Participants received a diary which they completed each day for 7 days following their clinic visit. The diary contained information regarding efficacy and SEs related to amitriptyline. Scoring was based on a rating scale from 1 to 10, where 1 indicated that the participant was completely satisfied and 10 indicated that the participant was completely dissatisfied. The diary comprised six questions that addressed the following for each day: the intensity of pain/burning in feet, blurred vision, constipation, drowsiness, dryness of the mouth and/or eyes, and difficulty urinating. Patients were asked to return the diary to the recruiter or study coordinator on the day of their next clinic visit or another suitable date. For interpretation, average scores of more than 5.0 were regarded as the threshold confirming the presence of pain or one of the recorded SEs.

Information regarding concomitant drugs (including doses) received by the patients, amitriptyline dose and ethnicity was recorded at the time of recruitment.

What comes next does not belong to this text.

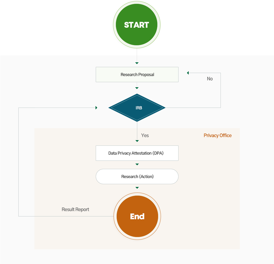 인간 대상의 임상연구를 계획하는 모든 연구자는 IRB 심의를 진행하여야 하며, 승인후에는 Data Privacy Attestation(DPA) 프로세스를 거쳐 지정된 Privacy Office에서 데이터 활용을 할 수 있습니다.

Sample processing & CYP2D6 characterization

Blood was collected in ethylenediaminetetraacetic acid (EDTA) vacutainers and high-quality genomic DNA isolated from the leukocyte layer using the Maxwell®16 system (Promega, WI, USA). DNA was stored at -20°C prior to analysis.

Amplification of CYP2D6, detection of the CYP2D6*5 gene deletion and gene duplication alleles was achieved using a modified tetramer multiplex assay [Citation22]. Prior to sequencing, amplified products (5.1 kb) of CYP2D6 were treated with FastAP Thermosensitive Alkaline Phosphatase (Fermentas Life Sciences, Vilnius, Lithuania) according to the supplied protocol. Sequencing of the entire gene (introns and exons) including 5′- and 3′-flanking regions (start and end positions for M33388, AY545216 and hg19 coordinates were: -1543–4180, 2658–8381 and 42,528,341–42,522,613, respectively) was performed by Inqaba Biotechnological Industries (Pty) Ltd. (Pretoria, South Africa), using an ABI Big Dye Terminator Cycle Sequencing kit version 3.1 and 3130 XL and 3500 XL DNA analyzer instruments (Applied Biosystems, Inc., CA, USA). Electropherograms were analyzed using CLC DNA Workbench version 5.5 (CLC bio, Aarhus, Denmark) and aligned to the National Center for Biotechnology Information (NCBI) AY545216 reference sequence for the detection and annotation of sequence variations. The assignment of alleles was done according to The Human Cytochrome P450 Allele Nomenclature Database for CYP2D6 [Citation23].

CYP2D6 genotype calls

Alleles were assigned using a set of ‘key’ SNPs defining star (*) alleles as shown in Supplementary Table 1. These assignments were used to determine diplotypes and phenotype prediction as well as to calculate allele frequencies.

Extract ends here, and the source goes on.